▸ **MATERIAL PROVIDED**:
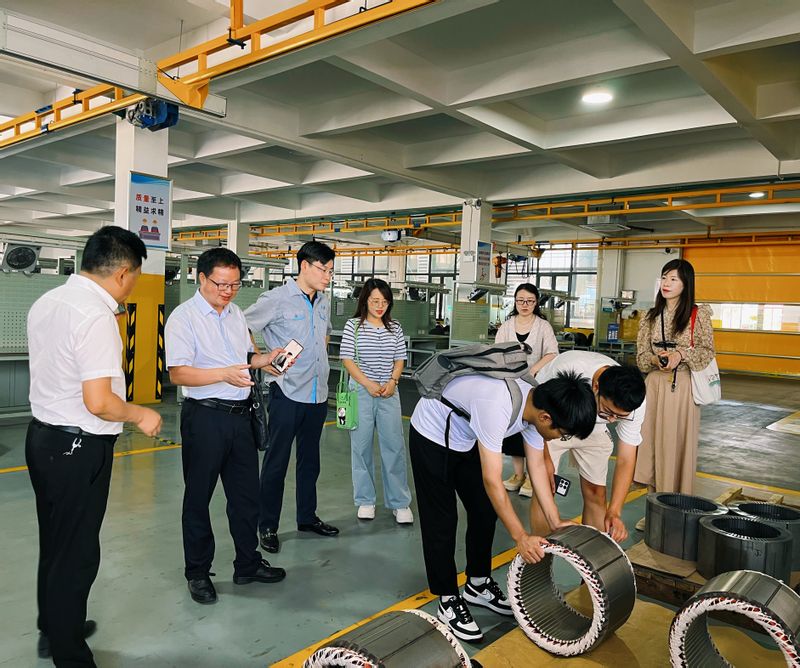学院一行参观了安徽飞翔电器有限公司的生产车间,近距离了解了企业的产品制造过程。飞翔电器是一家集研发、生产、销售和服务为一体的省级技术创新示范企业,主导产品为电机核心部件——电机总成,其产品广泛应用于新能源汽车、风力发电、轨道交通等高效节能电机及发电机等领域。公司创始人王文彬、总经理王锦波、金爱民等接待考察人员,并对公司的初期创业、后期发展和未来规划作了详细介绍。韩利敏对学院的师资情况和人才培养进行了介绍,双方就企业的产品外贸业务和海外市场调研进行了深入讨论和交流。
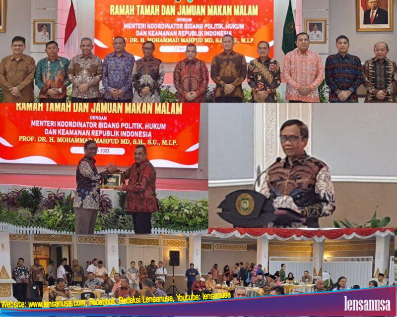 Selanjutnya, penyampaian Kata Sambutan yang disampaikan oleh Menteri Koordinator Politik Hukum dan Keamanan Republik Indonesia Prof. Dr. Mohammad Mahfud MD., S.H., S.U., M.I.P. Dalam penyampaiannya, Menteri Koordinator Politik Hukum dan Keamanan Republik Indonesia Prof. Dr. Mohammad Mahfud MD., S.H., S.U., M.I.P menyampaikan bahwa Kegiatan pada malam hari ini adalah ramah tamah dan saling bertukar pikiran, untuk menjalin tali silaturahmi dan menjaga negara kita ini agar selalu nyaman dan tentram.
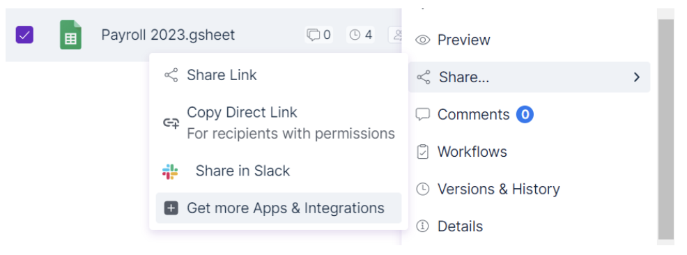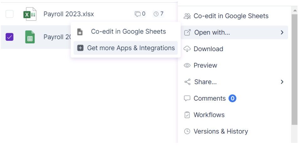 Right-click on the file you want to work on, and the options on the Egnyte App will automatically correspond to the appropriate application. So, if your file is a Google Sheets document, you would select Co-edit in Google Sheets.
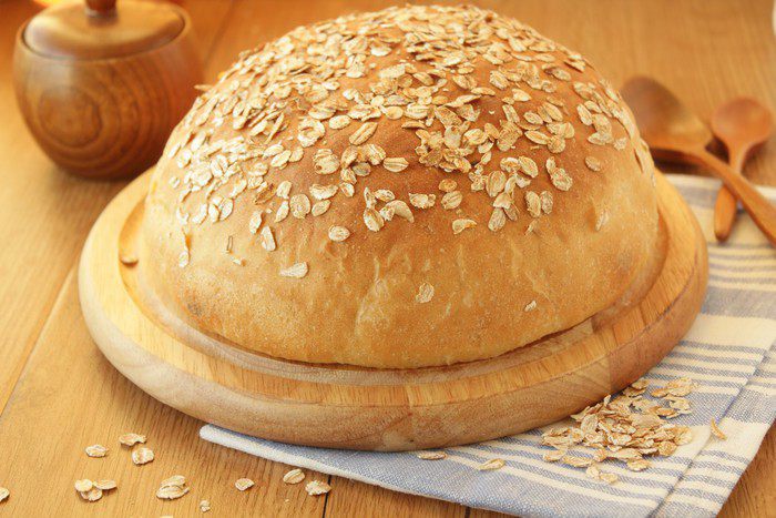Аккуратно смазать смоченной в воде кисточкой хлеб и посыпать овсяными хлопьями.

▸ **YOUR TASK**:
All lines from the one that contains "Selanjutnya, penyampaian Kata" through the last line of the data should be retyped exactly, with the pictures left out.

▸ **EXPECTED OUTPUT**:
 Selanjutnya, penyampaian Kata Sambutan yang disampaikan oleh Menteri Koordinator Politik Hukum dan Keamanan Republik Indonesia Prof. Dr. Mohammad Mahfud MD., S.H., S.U., M.I.P. Dalam penyampaiannya, Menteri Koordinator Politik Hukum dan Keamanan Republik Indonesia Prof. Dr. Mohammad Mahfud MD., S.H., S.U., M.I.P menyampaikan bahwa Kegiatan pada malam hari ini adalah ramah tamah dan saling bertukar pikiran, untuk menjalin tali silaturahmi dan menjaga negara kita ini agar selalu nyaman dan tentram.
 Right-click on the file you want to work on, and the options on the Egnyte App will automatically correspond to the appropriate application. So, if your file is a Google Sheets document, you would select Co-edit in Google Sheets.
Аккуратно смазать смоченной в воде кисточкой хлеб и посыпать овсяными хлопьями.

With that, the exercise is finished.